Flink1.8.1写入数据到HDFS
版本
- Flink:1.8.1
- Hadoop:2.6.0(CDH5.14)
Maven依赖
<dependency>
<groupId>org.apache.flink</groupId>
<artifactId>flink-connector-filesystem_2.11</artifactId>
<version>${flink.version}</version>
</dependency>
<dependency>
<groupId>org.apache.hadoop</groupId>
<artifactId>hadoop-hdfs</artifactId>
<version>${hadoop.version}</version>
<scope>provided</scope>
<exclusions>
<exclusion>
<groupId>xml-apis</groupId>
<artifactId>xml-apis</artifactId>
</exclusion>
</exclusions>
</dependency>
<dependency>
<groupId>org.apache.hadoop</groupId>
<artifactId>hadoop-common</artifactId>
<version>${hadoop.version}</version>
<scope>provided</scope>
</dependency>
<!-- Maven整包插件 -->
<plugin>
<artifactId>maven-assembly-plugin</artifactId>
<configuration>
<archive>
<manifest>
<mainClass>com.allen.capturewebdata.Main</mainClass>
</manifest>
</archive>
<descriptorRefs>
<descriptorRef>jar-with-dependencies</descriptorRef>
</descriptorRefs>
</configuration>
</plugin>
Flink的lib目录下添加
具体版本结合实际情况,添加后需要重启Flink集群
flink-shaded-hadoop-2-uber-2.6.5-8.0.jar
jar下载方式:若在Flink官网找不到对应jar,可通过下载到maven仓库中获取,下载后再将pom中依赖删除
https://mvnrepository.com/artifact/org.apache.flink/flink-shaded-hadoop-2-uber
实现代码
//设置checkpoint
// start a checkpoint every 1000 ms
env.enableCheckpointing(1000L)
// advanced options:
// set mode to exactly-once (this is the default)
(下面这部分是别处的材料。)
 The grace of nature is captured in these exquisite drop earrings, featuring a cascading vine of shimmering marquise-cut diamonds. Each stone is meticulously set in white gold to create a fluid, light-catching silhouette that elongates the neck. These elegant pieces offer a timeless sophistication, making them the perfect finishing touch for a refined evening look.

env.getCheckpointConfig.setCheckpointingMode(CheckpointingMode.EXACTLY_ONCE)
// checkpoints have to complete within one minute, or are discarded
env.getCheckpointConfig.setCheckpointTimeout(10000)
// make sure 500 ms of progress happen between checkpoints
env.getCheckpointConfig.setMinPauseBetweenCheckpoints(500)
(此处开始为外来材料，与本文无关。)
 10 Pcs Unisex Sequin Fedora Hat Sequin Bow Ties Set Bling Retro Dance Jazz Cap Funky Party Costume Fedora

// allow only one checkpoint to be in progress at the same time
env.getCheckpointConfig.setMaxConcurrentCheckpoints(1)
// enable externalized checkpoints which are retained after job cancellation
env.getCheckpointConfig.enableExternalizedCheckpoints(ExternalizedCheckpointCleanup.RETAIN_ON_CANCELLATION)
// This determines if a task will be failed if an error occurs in the execution of the task’s checkpoint procedure.
env.getCheckpointConfig.setFailOnCheckpointingErrors(true)
val sinkStream: DataStream[String] = ...
val sink = new BucketingSink[Tuple2[IntWritable, Text]]("hdfs://cdh1:8020/data")
sink.setBucketer(new DateTimeBucketer("yyyy-MM-dd", ZoneId.of("Asia/Shanghai")))
sink.setWriter(new SequenceFileWriter[IntWritable, Text])
//设置最大存储桶大小(以字节为单位)
sink.setBatchSize(1024 * 1024 * 400)
//设置翻转间隔(以毫秒为单位)
sink.setBatchRolloverInterval(20 * 60 * 1000)
//设置的是关闭不活跃桶的阈值,多久时间没有数据写入就关闭桶
sink.setInactiveBucketThreshold(1000L)
//设置的是检查两次检查桶不活跃的情况的周期
sink.setInactiveBucketCheckInterval(1000L)
sinkStream.addSink(sink)
设置checkpoint原因:
文件有三种状态:in-progress,pending 和 finished
in-progress:正在写入
pending:写入完成,由in-progress转为pending状态
finished:当checkpoint后,由pengding转为finished状态
官方文档
https://ci.apache.org/projects/flink/flink-docs-release-1.8/dev/connectors/filesystem_sink.html
打包方式
target目录下可找到:
XXX-1.0-SNAPSHOT-jar-with-dependencies.jar